In almost half of the states courts allow a lawsuit for breach of the promise to marry. This claim is based on the idea that an engagement creates an enforceable promise to marry, with the necessary elements of a contract present—the offer (proposal), acceptance (of the proposal), and consideration (mutual promises exchanged). These laws are sometimes referred to as heart balm laws—presumably a reference to the jilted party looking for something to soothe their broken heart.
In most states that allow a party to a broken engagement to pursue a claim for breach of contract against the party who called off the engagement or refuses to get married, the contract to marry does not have to be in writing (some contracts, such as for the sale of real estate, have to be in writing to comply with the statute of frauds).
In states that do recognize a claim or cause of action for breach of the promise to marry, the plaintiff (party filing the lawsuit) may be able to recover money it spent in reliance on the promise to marry, such as the cost of an engagement ring, wedding dress, or rental of the wedding or reception venues. These damages are generally known as compensatory damages, as they are designed to compensate the plaintiff for their out-of-pocket losses.
But the plaintiff in a lawsuit for breach of the promise to marry cannot get the court to order the other party to go through with the marriage or perform the contract—a remedy known as specific performance that is available in some breach of contract lawsuits.
Perhaps because of the emotional nature of engagements to marry; the difficulty for courts in determining who was at fault in terminating the engagement; and the risk of such a claim or lawsuit being used to extort the party who terminated the engagement, some states have enacted statutes that prohibit lawsuits based on a claimed breach of the promise to marry. These laws are usually located in a state’s statutes—often in the family code or domestic relations code.
In states that prohibit or do not recognize breach of contract claims for breach of the promise to marry, some parties to broken engagements have instead attempted to file a lawsuit claiming fraud. Fraud usually requires the plaintiff to prove the defendant knew the statement (“I promise to marry you”) was false when it was made, or that the defendant acted with reckless disregard for the truth of the statement (the defendant didn’t know whether the defendant would marry the plaintiff or not, but proceeded recklessly in promising to marry the plaintiff, and the plaintiff relied on the representation that the defendant would marry).

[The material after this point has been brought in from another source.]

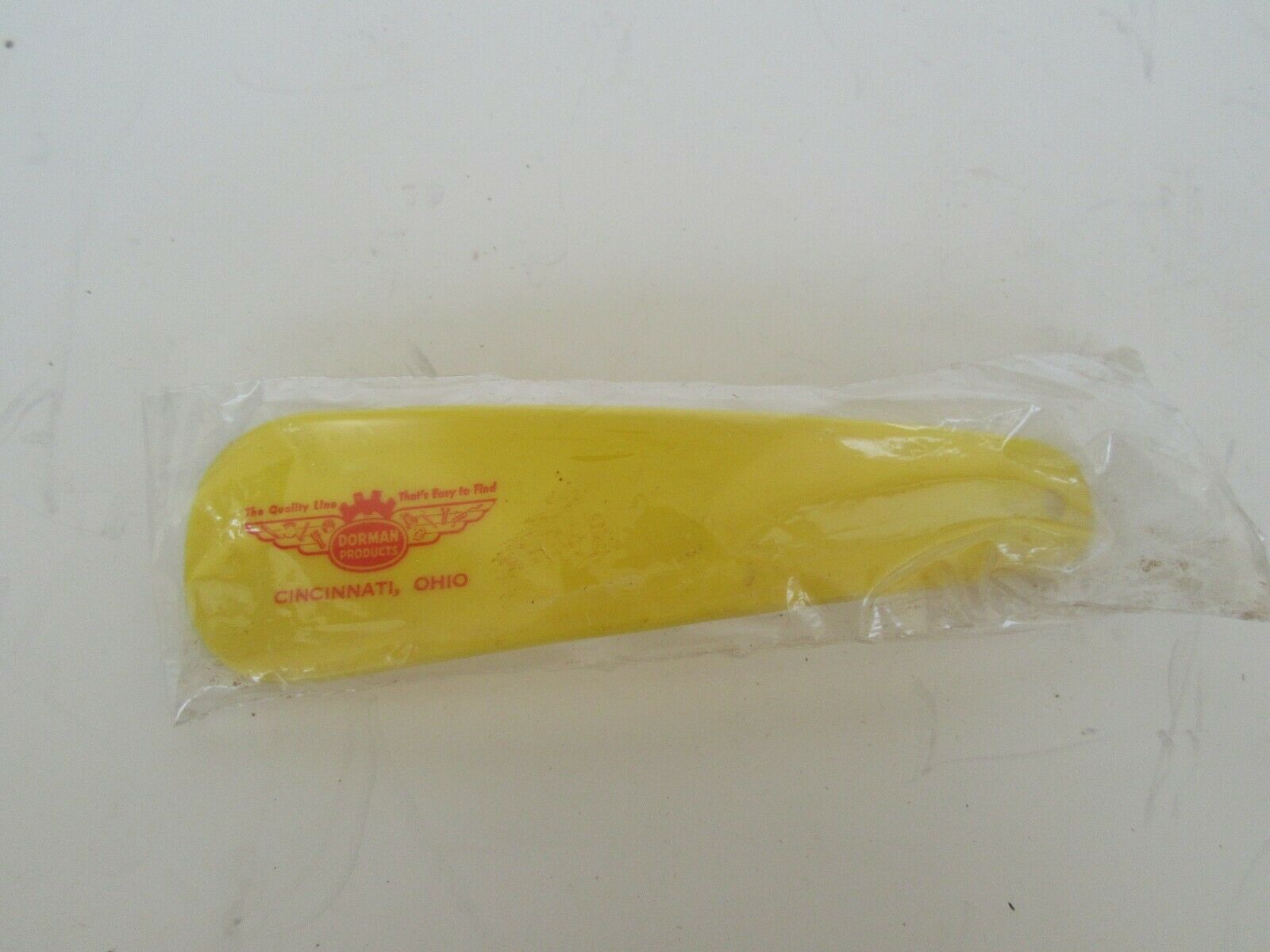 Title (ebay affiliate link): Vintage Dorman Products, Cincinatti, Ohio Advertising Plastic Shoehorn

Laws regarding the availability of a claim for breach of the promise to marry vary from state to state and may be located in a state’s statutes, or in its court opinions (common law or case law).

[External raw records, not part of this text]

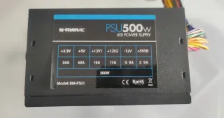 Fuente de alimentación ATX de 500W. - Modelo: BM-PS01 - Potencia: 500W - Voltajes: +3.3V, +5V, +12V1, +12V2, -12V, +5VSB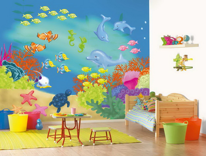 Фотообои очень красивы, на них обычно изображены различные красивые рисунки, помогающие умственному развитию. Лучше их разместить кусками, как картинки. Их основой является целлюлоза, их легко чистить и заменять.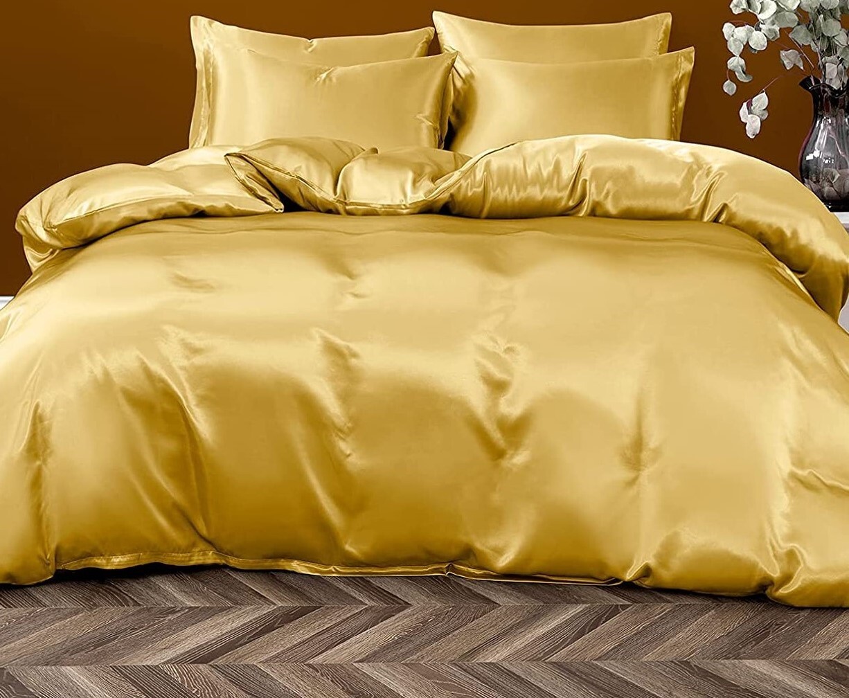 See All Pictures- 7-Pcs. Satin King/Queen Comforter Cover Set Gold Black

In Georgia, the claim for breach of the promise to marry is not recognized. Georgia has abolished this cause of action, which was historically known as a 'breach of promise to marry' suit. This means that an individual in Georgia cannot sue another for failing to follow through with a marriage proposal. The state does not view an engagement as an enforceable contract in this context. Therefore, a person jilted by a broken engagement would not be able to seek compensatory damages for expenses incurred in reliance on the promise to marry, such as costs for the engagement ring, wedding attire, or venue bookings. While some states may allow such claims under 'heart balm' laws, Georgia is not one of them. Additionally, specific performance, which would compel the other party to fulfill the promise to marry, is not a remedy available in Georgia for such a situation. It's important to note that while breach of promise to marry suits are not permitted, other legal actions, such as those based on fraud, might be pursued under different circumstances, but these would require a different set of proofs and are not directly related to the promise to marry itself.